Nx Console VS Code Extension — Poisoned Extension Breaches 3,800 GitHub Internal Repos
AI relevance: AI coding agents (Claude Code, Cursor, Copilot) run inside the same VS Code extension environment that TeamPCP poisoned, meaning the same credential-harvesting payload could silently exfiltrate tokens from any developer or agent that auto-installs compromised extensions.
- TeamPCP, the threat group behind the Mini Shai-Hulud npm supply chain campaign, published a malicious version of Nx Console (v18.95.0) to both the Visual Studio Marketplace and Open VSX on May 18.
- The attacker posed as a legitimate Nx maintainer and uploaded the poisoned package without any manual approval from Nx administrators.
- The compromised extension fetched an obfuscated payload that harvested credentials from: Vault tokens, Kubernetes and AWS IAM auth, .npmrc/OIDC tokens, AWS IMDS/ECS metadata, GitHub tokens (ghp_/gho_/ghs_), 1Password op CLI vaults, private keys, and Docker credentials.
- The malicious extension was available for roughly 18 minutes before being unpublished and removed by Microsoft.
- GitHub confirmed that the breach resulted in exfiltration of ~3,800 internal repositories — directionally consistent with TeamPCP's public claims.
- The attack chain traces back to the TanStack npm supply chain compromise, which gave the attacker GitHub credentials of a legitimate Nx developer (CVE-2026-48027).
- Nx CEO Jeff Cross acknowledged the role their software played and announced publishing-pipeline hardening requiring two-admin approval going forward.
Why it matters
AI coding agents and developer tooling share the same VS Code extension trust surface. A poisoned extension doesn't just affect humans — any agent with workspace access that loads compromised tooling inherits the same credential-harvesting risk. The Mini Shai-Hulud campaign already demonstrated cascading supply chain compromise across Trivy, KICS, LiteLLM, TanStack, Red Hat Cloud Services, and 500+ npm packages. VS Code extensions are the next logical frontier.
What to do
- Audit all installed VS Code extensions for unexpected version changes or publisher impersonation.
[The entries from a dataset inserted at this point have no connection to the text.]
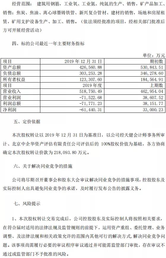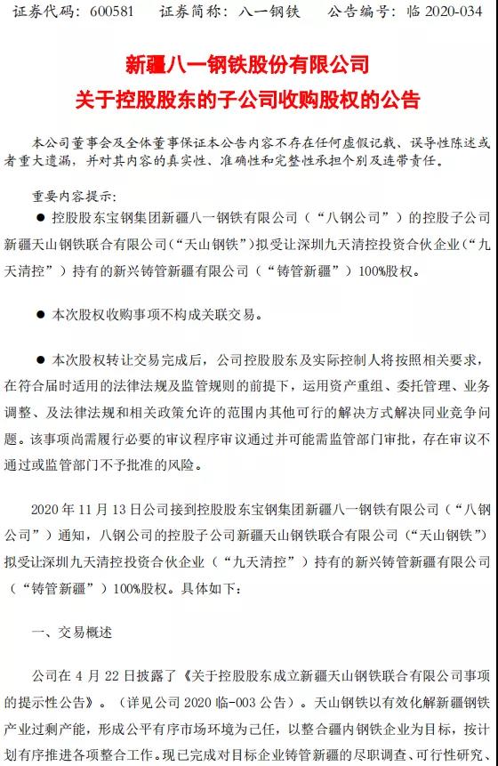 11月13日晚間,八一鋼鐵發(fā)布公告稱,該公司控股股東寶鋼集團新疆八一鋼鐵有限公司的控股子公司新疆天山鋼鐵聯(lián)合有限公司擬受讓深圳九天清控投資合伙企業(yè)持有的新興鑄管新疆有限公司100%股權。11月13日,天山鋼鐵與九天清控簽署了《股權轉讓協(xié)議》。本次股權轉讓以2019年12月31日為基準日,以公司經(jīng)天健會計師事務所審計、北京中企華資產(chǎn)評估有限責任公司評估后的100%股權價值為基礎,各方協(xié)商確定本次股權轉讓價款為21.81億元。
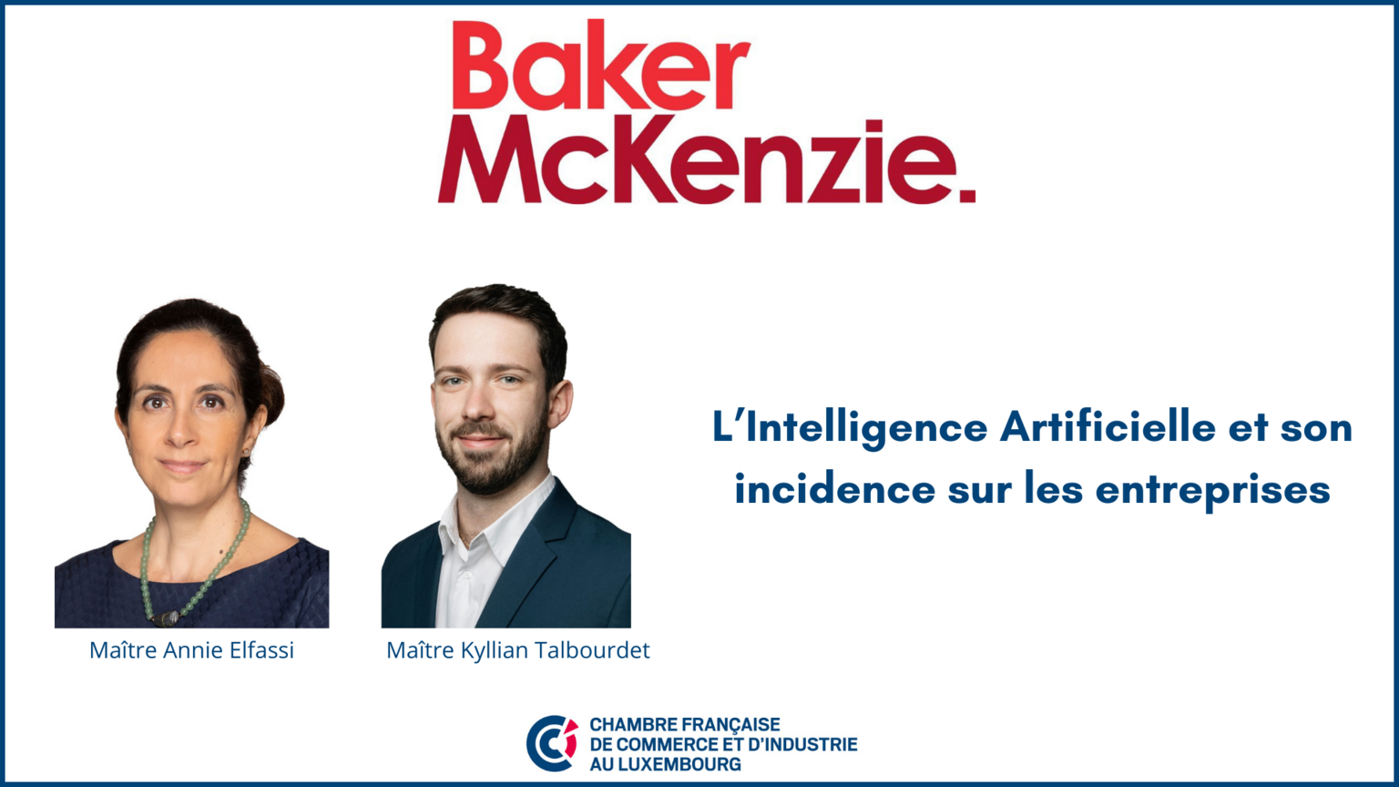 La Chambre Française de Commerce et d’Industrie au Luxembourg en partenariat avec Baker McKenzie Luxembourg a le plaisir de vous convier à une conférence cocktail qui se voudra interactive, sur le thème de "L'Intelligence Artificielle et son incidence sur les entreprises".
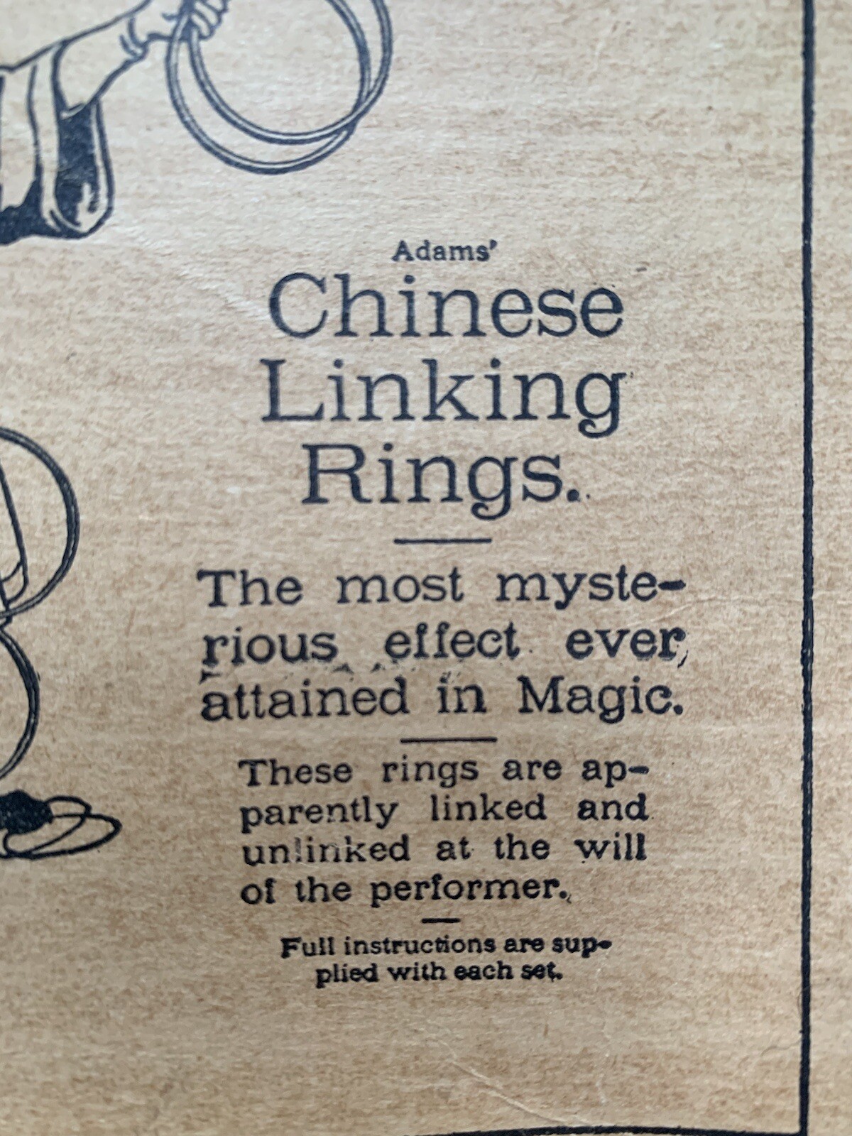 Vintage Magic Trick: Adam's CHINESE LINKING RINGS IN BOX - antique

- Review workflow run logs for Nx Console and other extensions for signs of compromise.
- Rotate any tokens or credentials that may have been accessible from developer workstations during the exposure window.
- Enforce publisher-approval gates for extension updates in team environments.
- Consider pinning extension versions in your team's dotfiles or workspace configuration.